*** Block opens ***
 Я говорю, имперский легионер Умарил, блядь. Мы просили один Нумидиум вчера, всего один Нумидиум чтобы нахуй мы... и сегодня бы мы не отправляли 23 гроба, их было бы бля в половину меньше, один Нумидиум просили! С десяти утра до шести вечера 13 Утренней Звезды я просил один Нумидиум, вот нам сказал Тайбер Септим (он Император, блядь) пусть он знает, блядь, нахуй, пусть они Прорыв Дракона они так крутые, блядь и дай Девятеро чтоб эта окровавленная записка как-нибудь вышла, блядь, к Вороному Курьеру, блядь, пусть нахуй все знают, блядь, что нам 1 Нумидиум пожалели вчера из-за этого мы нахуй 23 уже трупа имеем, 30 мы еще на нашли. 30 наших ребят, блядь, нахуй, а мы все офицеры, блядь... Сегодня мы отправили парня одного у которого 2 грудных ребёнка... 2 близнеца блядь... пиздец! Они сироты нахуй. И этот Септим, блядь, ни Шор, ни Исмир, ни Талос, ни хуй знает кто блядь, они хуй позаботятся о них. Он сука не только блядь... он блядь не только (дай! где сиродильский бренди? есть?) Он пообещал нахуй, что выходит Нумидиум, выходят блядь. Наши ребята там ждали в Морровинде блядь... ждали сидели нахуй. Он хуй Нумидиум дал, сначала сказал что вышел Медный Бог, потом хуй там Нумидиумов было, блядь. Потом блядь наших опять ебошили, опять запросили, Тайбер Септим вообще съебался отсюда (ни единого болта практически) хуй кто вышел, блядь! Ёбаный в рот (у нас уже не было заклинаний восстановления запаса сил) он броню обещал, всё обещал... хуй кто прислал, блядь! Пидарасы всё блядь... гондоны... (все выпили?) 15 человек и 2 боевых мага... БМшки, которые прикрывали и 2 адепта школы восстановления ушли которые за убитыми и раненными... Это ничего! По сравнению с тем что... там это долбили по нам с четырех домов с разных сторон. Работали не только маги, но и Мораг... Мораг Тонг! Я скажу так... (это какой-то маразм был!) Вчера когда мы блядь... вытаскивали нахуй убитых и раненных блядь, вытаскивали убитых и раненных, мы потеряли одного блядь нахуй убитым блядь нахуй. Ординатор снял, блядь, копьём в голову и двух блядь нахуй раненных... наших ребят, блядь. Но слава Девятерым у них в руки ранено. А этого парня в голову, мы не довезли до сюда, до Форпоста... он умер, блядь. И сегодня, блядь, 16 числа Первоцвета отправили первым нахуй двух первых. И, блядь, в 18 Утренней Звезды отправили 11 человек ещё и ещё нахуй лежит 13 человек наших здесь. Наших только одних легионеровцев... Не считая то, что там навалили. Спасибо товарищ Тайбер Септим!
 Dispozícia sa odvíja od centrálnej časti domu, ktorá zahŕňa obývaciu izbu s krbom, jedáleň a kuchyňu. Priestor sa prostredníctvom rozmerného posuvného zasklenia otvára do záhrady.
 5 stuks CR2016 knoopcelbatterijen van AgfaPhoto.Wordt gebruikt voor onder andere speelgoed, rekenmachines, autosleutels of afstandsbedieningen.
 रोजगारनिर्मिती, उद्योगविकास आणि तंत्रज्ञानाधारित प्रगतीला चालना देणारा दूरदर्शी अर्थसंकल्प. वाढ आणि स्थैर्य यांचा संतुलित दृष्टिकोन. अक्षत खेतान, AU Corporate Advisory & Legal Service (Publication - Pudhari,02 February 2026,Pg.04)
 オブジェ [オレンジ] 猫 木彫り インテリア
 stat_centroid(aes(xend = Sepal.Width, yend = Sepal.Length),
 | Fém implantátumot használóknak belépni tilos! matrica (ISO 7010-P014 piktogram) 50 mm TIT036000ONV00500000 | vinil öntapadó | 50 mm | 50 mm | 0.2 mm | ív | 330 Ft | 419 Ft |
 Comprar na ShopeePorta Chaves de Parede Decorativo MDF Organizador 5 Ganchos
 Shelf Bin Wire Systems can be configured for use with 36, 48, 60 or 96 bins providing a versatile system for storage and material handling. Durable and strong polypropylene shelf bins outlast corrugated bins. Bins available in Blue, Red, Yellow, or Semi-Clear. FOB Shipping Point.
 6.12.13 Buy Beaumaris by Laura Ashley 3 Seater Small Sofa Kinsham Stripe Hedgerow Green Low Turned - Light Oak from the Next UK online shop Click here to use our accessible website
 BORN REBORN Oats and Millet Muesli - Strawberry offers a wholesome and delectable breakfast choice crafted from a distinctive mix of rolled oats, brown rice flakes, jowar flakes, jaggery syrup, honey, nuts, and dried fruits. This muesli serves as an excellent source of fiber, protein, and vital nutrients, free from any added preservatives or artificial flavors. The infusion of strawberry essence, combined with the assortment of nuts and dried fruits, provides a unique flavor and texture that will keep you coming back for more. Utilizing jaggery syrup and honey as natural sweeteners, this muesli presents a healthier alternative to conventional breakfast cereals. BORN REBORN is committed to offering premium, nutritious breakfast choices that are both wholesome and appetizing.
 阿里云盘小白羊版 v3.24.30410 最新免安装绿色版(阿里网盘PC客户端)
*** Block closes ***
> **What to produce**
Repeat each line of the data exactly as it appears above.

> **Task result**
 Я говорю, имперский легионер Умарил, блядь. Мы просили один Нумидиум вчера, всего один Нумидиум чтобы нахуй мы... и сегодня бы мы не отправляли 23 гроба, их было бы бля в половину меньше, один Нумидиум просили! С десяти утра до шести вечера 13 Утренней Звезды я просил один Нумидиум, вот нам сказал Тайбер Септим (он Император, блядь) пусть он знает, блядь, нахуй, пусть они Прорыв Дракона они так крутые, блядь и дай Девятеро чтоб эта окровавленная записка как-нибудь вышла, блядь, к Вороному Курьеру, блядь, пусть нахуй все знают, блядь, что нам 1 Нумидиум пожалели вчера из-за этого мы нахуй 23 уже трупа имеем, 30 мы еще на нашли. 30 наших ребят, блядь, нахуй, а мы все офицеры, блядь... Сегодня мы отправили парня одного у которого 2 грудных ребёнка... 2 близнеца блядь... пиздец! Они сироты нахуй. И этот Септим, блядь, ни Шор, ни Исмир, ни Талос, ни хуй знает кто блядь, они хуй позаботятся о них. Он сука не только блядь... он блядь не только (дай! где сиродильский бренди? есть?) Он пообещал нахуй, что выходит Нумидиум, выходят блядь. Наши ребята там ждали в Морровинде блядь... ждали сидели нахуй. Он хуй Нумидиум дал, сначала сказал что вышел Медный Бог, потом хуй там Нумидиумов было, блядь. Потом блядь наших опять ебошили, опять запросили, Тайбер Септим вообще съебался отсюда (ни единого болта практически) хуй кто вышел, блядь! Ёбаный в рот (у нас уже не было заклинаний восстановления запаса сил) он броню обещал, всё обещал... хуй кто прислал, блядь! Пидарасы всё блядь... гондоны... (все выпили?) 15 человек и 2 боевых мага... БМшки, которые прикрывали и 2 адепта школы восстановления ушли которые за убитыми и раненными... Это ничего! По сравнению с тем что... там это долбили по нам с четырех домов с разных сторон. Работали не только маги, но и Мораг... Мораг Тонг! Я скажу так... (это какой-то маразм был!) Вчера когда мы блядь... вытаскивали нахуй убитых и раненных блядь, вытаскивали убитых и раненных, мы потеряли одного блядь нахуй убитым блядь нахуй. Ординатор снял, блядь, копьём в голову и двух блядь нахуй раненных... наших ребят, блядь. Но слава Девятерым у них в руки ранено. А этого парня в голову, мы не довезли до сюда, до Форпоста... он умер, блядь. И сегодня, блядь, 16 числа Первоцвета отправили первым нахуй двух первых. И, блядь, в 18 Утренней Звезды отправили 11 человек ещё и ещё нахуй лежит 13 человек наших здесь. Наших только одних легионеровцев... Не считая то, что там навалили. Спасибо товарищ Тайбер Септим!
 Dispozícia sa odvíja od centrálnej časti domu, ktorá zahŕňa obývaciu izbu s krbom, jedáleň a kuchyňu. Priestor sa prostredníctvom rozmerného posuvného zasklenia otvára do záhrady.
 5 stuks CR2016 knoopcelbatterijen van AgfaPhoto.Wordt gebruikt voor onder andere speelgoed, rekenmachines, autosleutels of afstandsbedieningen.
 रोजगारनिर्मिती, उद्योगविकास आणि तंत्रज्ञानाधारित प्रगतीला चालना देणारा दूरदर्शी अर्थसंकल्प. वाढ आणि स्थैर्य यांचा संतुलित दृष्टिकोन. अक्षत खेतान, AU Corporate Advisory & Legal Service (Publication - Pudhari,02 February 2026,Pg.04)
 オブジェ [オレンジ] 猫 木彫り インテリア
 stat_centroid(aes(xend = Sepal.Width, yend = Sepal.Length),
 | Fém implantátumot használóknak belépni tilos! matrica (ISO 7010-P014 piktogram) 50 mm TIT036000ONV00500000 | vinil öntapadó | 50 mm | 50 mm | 0.2 mm | ív | 330 Ft | 419 Ft |
 Comprar na ShopeePorta Chaves de Parede Decorativo MDF Organizador 5 Ganchos
 Shelf Bin Wire Systems can be configured for use with 36, 48, 60 or 96 bins providing a versatile system for storage and material handling. Durable and strong polypropylene shelf bins outlast corrugated bins. Bins available in Blue, Red, Yellow, or Semi-Clear. FOB Shipping Point.
 6.12.13 Buy Beaumaris by Laura Ashley 3 Seater Small Sofa Kinsham Stripe Hedgerow Green Low Turned - Light Oak from the Next UK online shop Click here to use our accessible website
 BORN REBORN Oats and Millet Muesli - Strawberry offers a wholesome and delectable breakfast choice crafted from a distinctive mix of rolled oats, brown rice flakes, jowar flakes, jaggery syrup, honey, nuts, and dried fruits. This muesli serves as an excellent source of fiber, protein, and vital nutrients, free from any added preservatives or artificial flavors. The infusion of strawberry essence, combined with the assortment of nuts and dried fruits, provides a unique flavor and texture that will keep you coming back for more. Utilizing jaggery syrup and honey as natural sweeteners, this muesli presents a healthier alternative to conventional breakfast cereals. BORN REBORN is committed to offering premium, nutritious breakfast choices that are both wholesome and appetizing.
 阿里云盘小白羊版 v3.24.30410 最新免安装绿色版(阿里网盘PC客户端)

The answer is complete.